Around the Kathmandu Valley

This temple is said to be the oldest Hindu temple still in use in the Kathmandu Valley. Built in the two-tiered pagoda style, the main shrine here is guarded on all sides by pairs of real and mythical beasts – elephants, lions, winged lions and ram-horned griffons – and its roof struts feature some amazingly intricate carvings of Tantric deities. Changu Narayan and its associated buildings were badly affected by the 2015 earthquake however; restoration of the complex is under way.

The statue inside shows Vishnu as Narayan, the creator of all life, but the beautifully decorated metal-plate doors are only opened for rituals and only Hindus may enter.

The Garuda figure facing the west door is said to date from the 5th century, and in front of this statue is the oldest stone inscription in the valley, dating from AD 464, which recalls how the king persuaded his mother not to commit sati (ritual suicide) after his father’s death. Two large pillars carry a conch and chakra disc, the traditional symbols of Vishnu.

Dotted around the courtyard are a series of extraordinary carvings dating from the Licchavi era, showing Vishnu in his various avatars (incarnations).
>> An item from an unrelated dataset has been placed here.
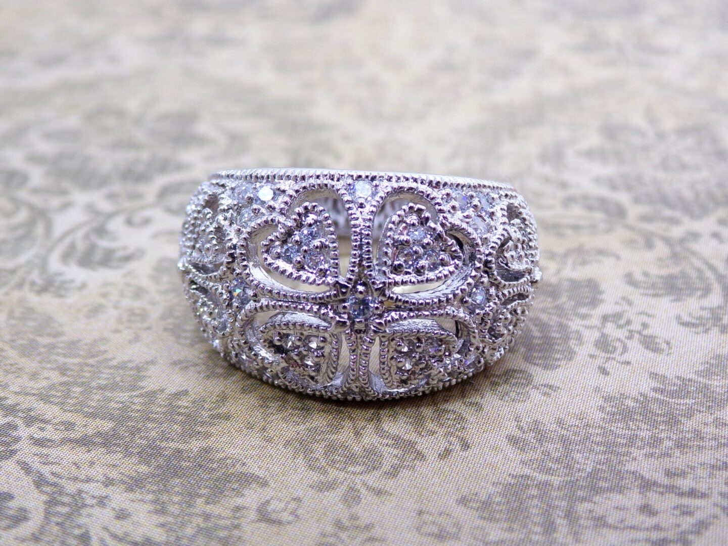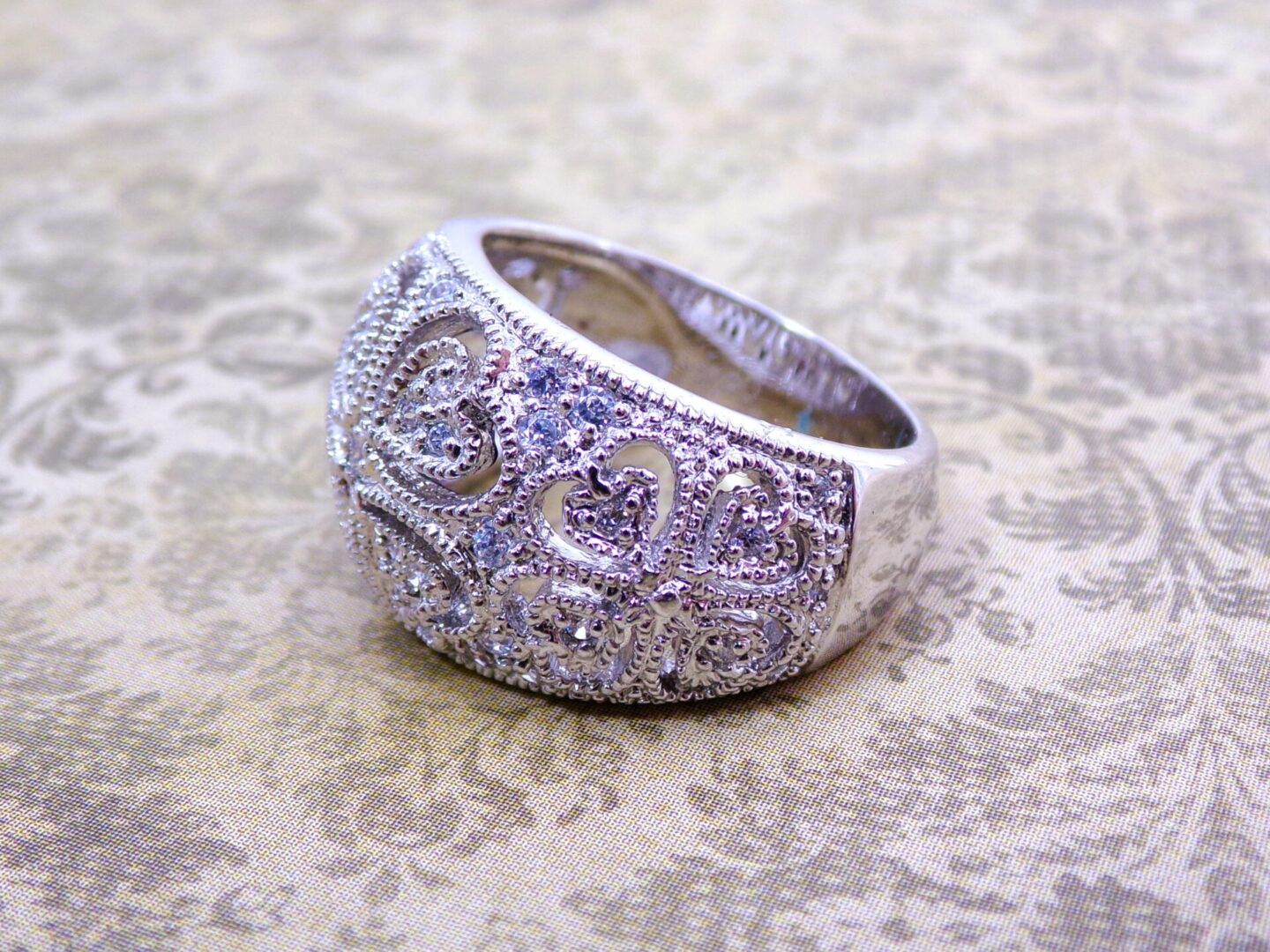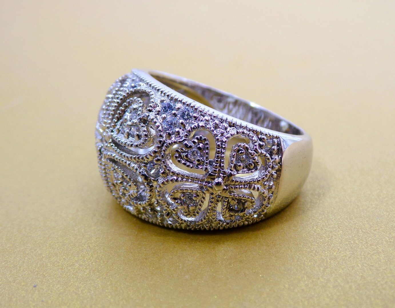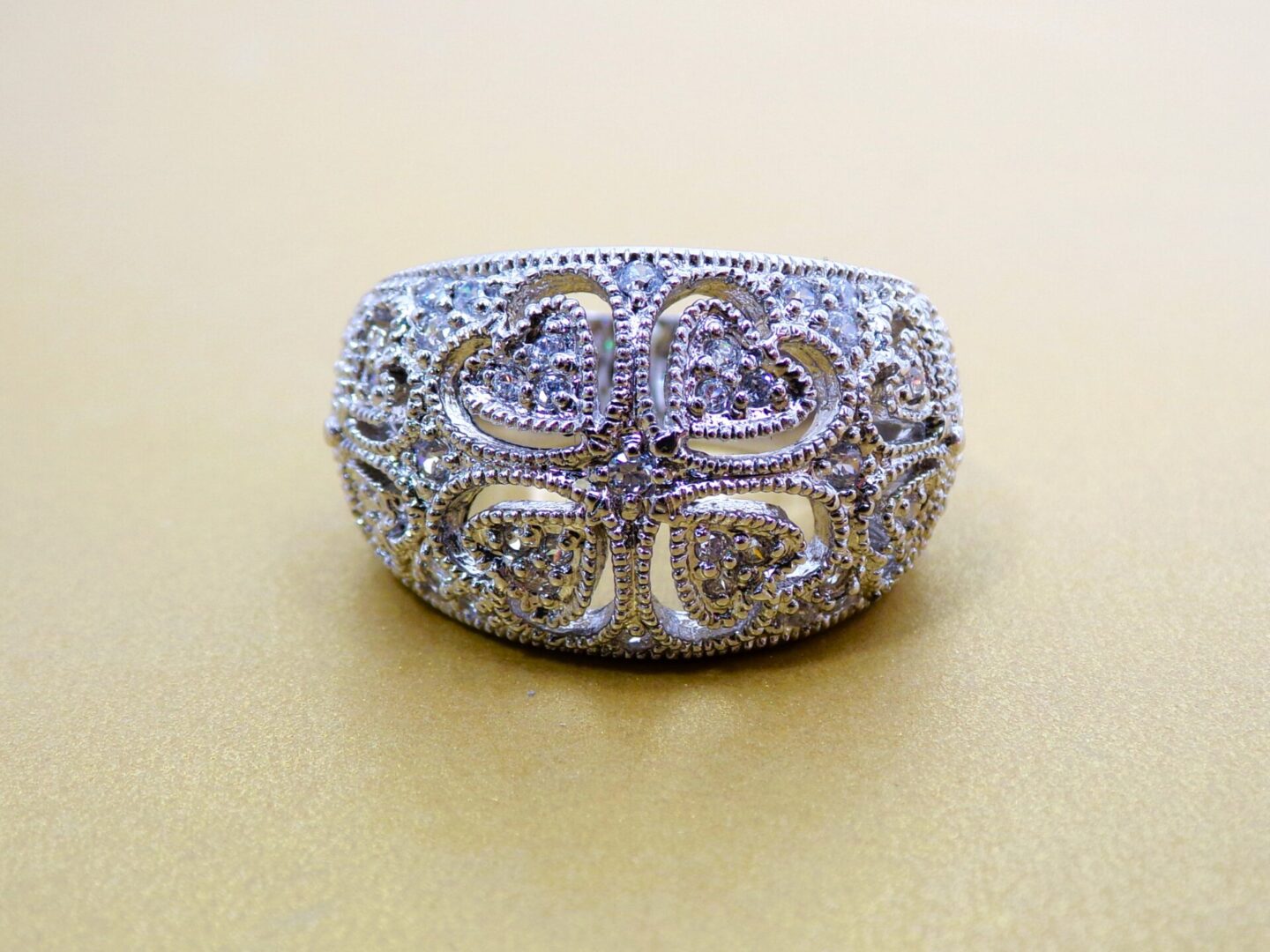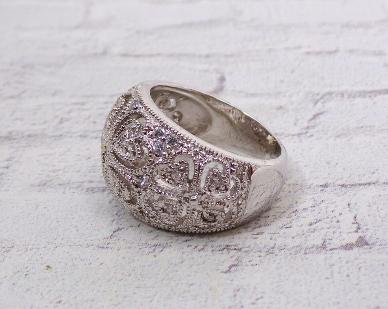Clear cubic zirconia band ring designed with heart cut outs all around it. The ring is dome shape with small round clear cubic zirconia stones set into it. It’s a beautiful heart band ring that works with any outfit and for any occasion.

Vishnu appears in the southwest corner of the compound as Narsingha (his man-lion incarnation), disembowelling a demon with his fingers, and as Vikrantha (Vamana), the six-armed dwarf who transformed himself into a giant capable of crossing the universe in three steps to defeat King Bali (look for his outstretched leg).

To the side of these images is a broken slab showing a 10-headed and 10-armed Vishnu, with Ananta reclining on a serpent below. The plaque is divided into three sections – the underworld, the world of man and the heavens. In the northwest corner of the compound is an exquisite 7th-century image of Vishnu astride Garuda, which is illustrated on the Rs 10 banknote.

The squat temple in the southeast corner of the complex is dedicated to the Tantric goddess Chhinnamasta, who beheaded herself to feed the bloodthirsty deities Dakini and Varnini.

Down the steps leading east from the temple complex are the one-storey Bhimsen Pati, with its stone guardians, and the remains of a Malla-era royal palace.